▶ _Instructions for the task_
Copy out exactly the lines spanning the line with "ニット帽 レディース 手編み" to the line with "もっと熟すと果肉が透明になります。このムベはここまでです。", inclusive, from the data underneath, with no pictures.

▶ _Records for this exercise_
____________________

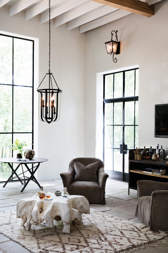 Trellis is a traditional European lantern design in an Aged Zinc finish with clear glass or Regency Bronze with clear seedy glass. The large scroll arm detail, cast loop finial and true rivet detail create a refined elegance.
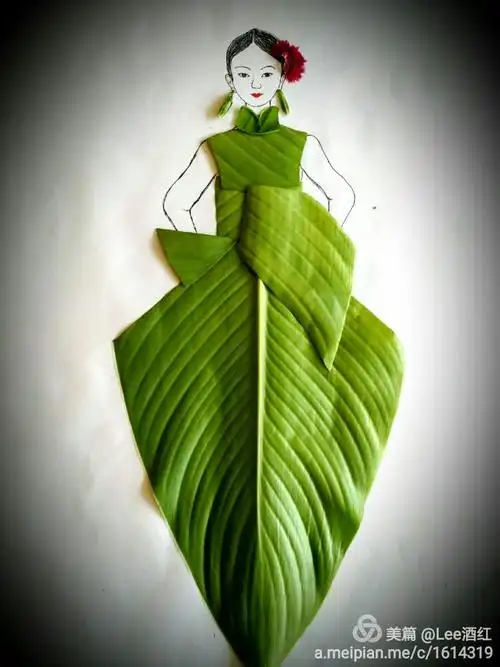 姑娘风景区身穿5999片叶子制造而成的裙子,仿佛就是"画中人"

____________________

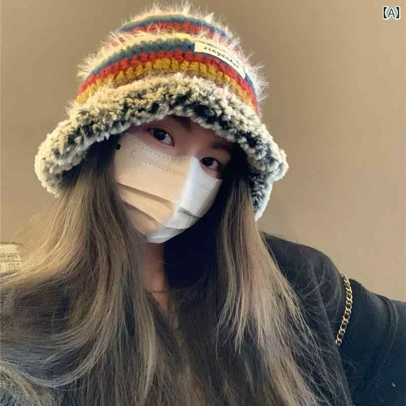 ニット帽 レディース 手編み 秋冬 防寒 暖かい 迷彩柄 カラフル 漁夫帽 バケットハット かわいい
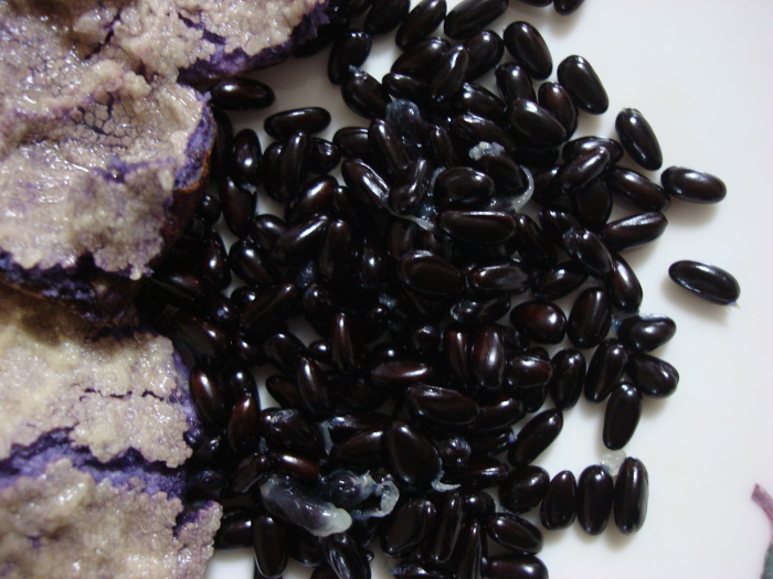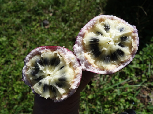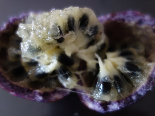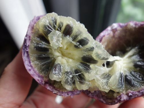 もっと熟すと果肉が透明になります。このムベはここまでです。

____________________

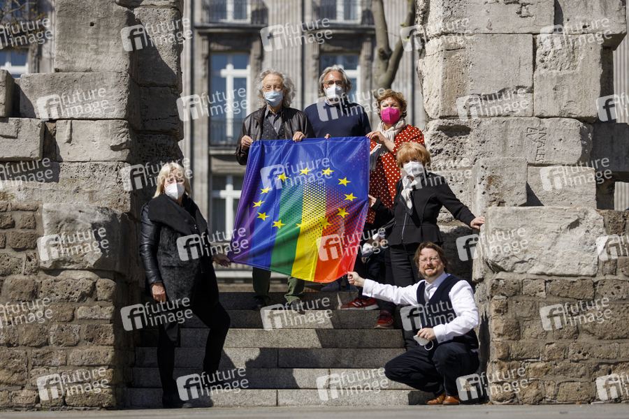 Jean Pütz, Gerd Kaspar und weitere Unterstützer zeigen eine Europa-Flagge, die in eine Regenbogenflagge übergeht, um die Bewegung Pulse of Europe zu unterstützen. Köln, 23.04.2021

____________________

▶ _Response below_
 ニット帽 レディース 手編み 秋冬 防寒 暖かい 迷彩柄 カラフル 漁夫帽 バケットハット かわいい
 もっと熟すと果肉が透明になります。このムベはここまでです。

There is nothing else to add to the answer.